Because the Democratic Party back then was absolutely ruthless.
You know, if you got up on, if you got up on, like, the platform and you started talking about criticizing slavery and even talking about the problems with it, they would, they would basically, like, show you knives.
They would, you know, they would beat you.
They would find you and they would assault you and intimidate you and beat you.
The Whigs had no desire whatsoever to actually take care of this.
It took the founding of the Republican Party, you know, irony of ironies, it took the founding of the Republican Party to stand up to that Democratic Party, which of course led us into really, really, you know, ugly places.
What we're looking at right now, I have to tell you, Biden is saying what he should say.
I don't know if there's any other way to put it.
This is a speech that a president should give, or at least, Nick, this is a speech that we think a president should give because we've lived in the current political moment, right?
We think he should be acknowledging the problem.
We think that he should still be having, he should still have some decorum about the office.
But as that's happening, It still feels so woefully inadequate to what's actually occurring.
And we need to talk about what's sort of festering and what's fomenting out into the distance.
But this speech, again, like the dark Brandon speech that we just referenced, it feels like too little too late.
It feels like something has been allowed to take over here and grow larger that we have to deal with.
There's an alarming rise in the number of our people.
In this country, condoning political violence, or simply remaining silent, because silence is complicity.
The disturbing rise of voter intimidation, the pernicious tendency to excuse political violence, or at least, at least, trying to explain it away.
We can't allow this sentiment to grow.
We must confront it head on, now.
It has to stop now.
I believe the voices excusing or calling for violence and intimidation are distinct minority in America, but they're loud and they are determined.
Nick, I have to say, because I've been spending all these days like reading the Midnight Kingdom out loud and like studying the structure of it.
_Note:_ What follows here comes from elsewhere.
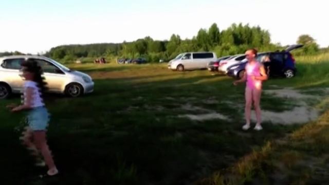 Мы в Смоленске на озере Ольшанские Карьеры. Жара + 30, народу здесь очень много. Играем с мячом, плаваем, играем.
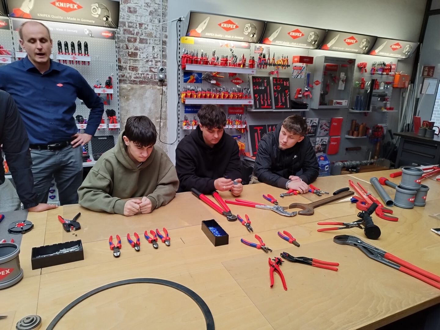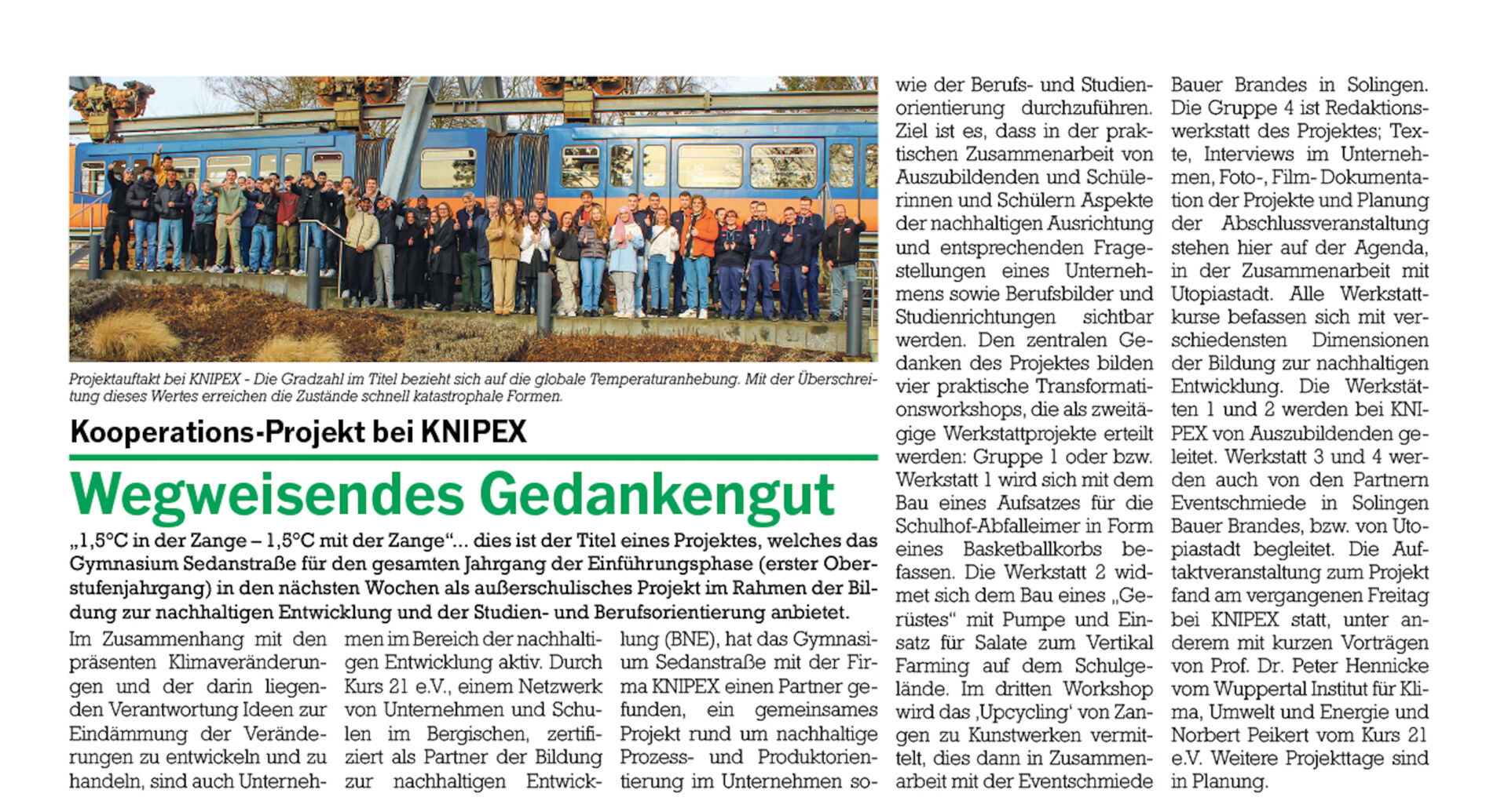 Seit diesem Schuljahr kooperiert unser Gymnasium mit dem Wuppertaler Traditionsunternehmen KNIPEX, einem der führenden Spezialisten für Profi-Zangen. Dass es dort weitaus mehr als nur diese Zangen zu entdecken gibt, können die Schülerinnen und Schüler der Einführungsphase in vier Transformationsworkshops erfahren. Über die Auftaktveranstaltung berichtete zum Beispiel der Cronenberger Anzeiger:

And you know this, you're a writer as well.
You know how things happen and you can't help but put them into order and writing?
Because that's how you make sense of the world.
I keep thinking about how the break-in at the Pelosi house, the attempted assassination, the beating of Paul Pelosi, It is almost the perfect paragraph start of a section about the descendants into political violence and sectarianism.
You know what I mean?
Like it really now looking at it and putting it into context of living history, like it's becoming more and more apparent that that's not going to be the end result.
That's not going to be the end of the story.
That's where it takes off.
And what we're hearing right now from Biden, what we're hearing right now from all these institutions that understand that this is a problem, It feels like it's getting ready to almost take off off of the runway.
Well, did you hear what our friend of the pod, not really, but Marjorie Taylor Greene said about Paul Pelosi?
Because I think we could share it if you want to hear it.
I don't know.
Do you want to cover your ears?
I luckily have been, again, cut off from the world in a studio.
So I can't wait to hear this.
This is wonderful.
Here's Marjorie Taylor Greene today at a rally at a Hootenanny.
Where Americans are robbed, stabbed, raped, kidnapped, carjacked, and murdered.
But the only crime victim you hear about from Democrats in the media is Paul Pelosi.
Paul Pelosi was brutally attacked by a drugged out illegal alien that should have been deported.
And Paul Pelosi should have been a gun owner and shot his attacker.
That's where we're at.
I, um, can I say something real fast?
I, I'm, I'm stunned first of all by this and I, and I have to say I'm stunned because it's not even as bad as it could be.
You know what I mean?
The fact that she admitted that he was brutally attacked, she still took it in a different direction.
The fact that she didn't call him a gay prostitute or a gay lover or whatever, and things went sideways.
The fact that she still did that... Nick, this is just... Man, things have turned putrid.